Making a mud pie is a children's activity or game that consists of creating a mixture of water and soil and playing or pretending to make food or a pie. Mud pies are not meant to be eaten, although they can be thrown in the face. A broader category describes this activity as mud play.

==Description==
Mud pies are composed of a mixture of water and soil. Other ingredients are sometimes added to the basic water and soil mixture such as plants and pebbles. The 'pie' will stay together if the mud is sticky – similar to bread dough. In addition to mud pies, children often create other structures like mud sandwiches and mud-based tea parties.

Creating a mud pie can be a very enjoyable activity and is thought to nurture the imagination of a child. Making mud pies allows the exploration of textures, and establishes the basis of scientific reasoning as they change the variables such as the addition of less water or even freezing the mixture. Some children do not enjoy the activity. A child may hesitate to "get dirty."
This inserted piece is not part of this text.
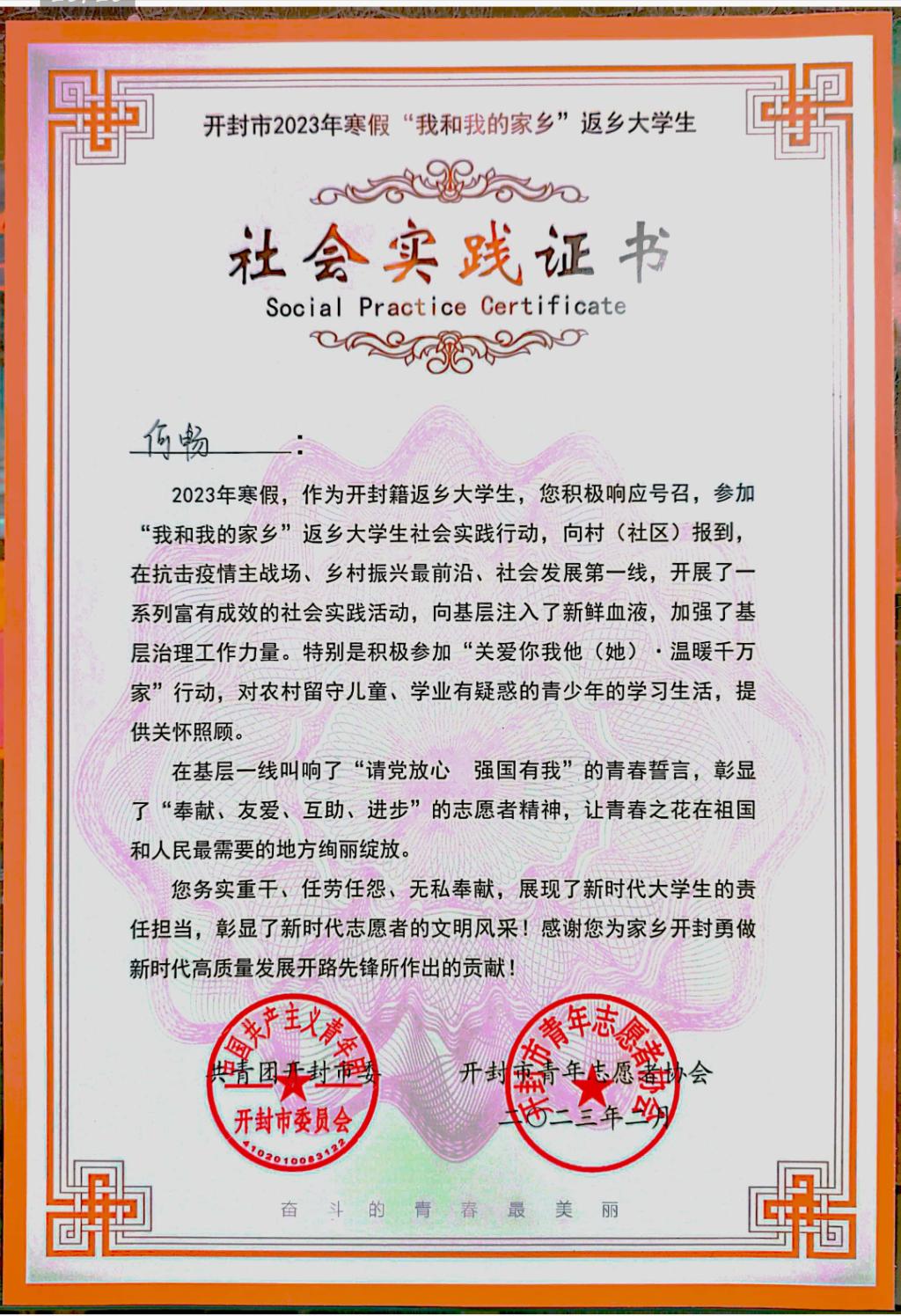 为积极响应公司和公司的号召,投身家乡社会实践,用眼睛感悟家乡变化,用行动建功家乡发展,何畅主动申请在河南省开封市尉氏县做一名志愿者,协助当地团市委开展志愿服务工作。

Many people recall this childhood activity with fondness. An author recounts: "As a child, I was drawn to mud. Some of my fondest childhood memories saw me covered in the stuff, head to toe."

== Techniques ==
Digging a small hole, adding water and stirring with a stick is one method used by children to create the mud pie. Some choose to organize a party or event for children with creating mud pies as part of the activities. The benefits of making mud pies include strengthening the sense of touch and developing "true" creativity. Some take a more formal approach to the activity and dedicate children's play spaces to the making of mud pies. A mud pie kitchen (sometimes just called mud kitchen) can be created to make other mud play 'food'; these can be adapted from indoor play kitchens or appear similar, built personally or bought commercially. A mud center can be created in a school setting. Some teachers are able to incorporate art and music into mud pie-making activities during school.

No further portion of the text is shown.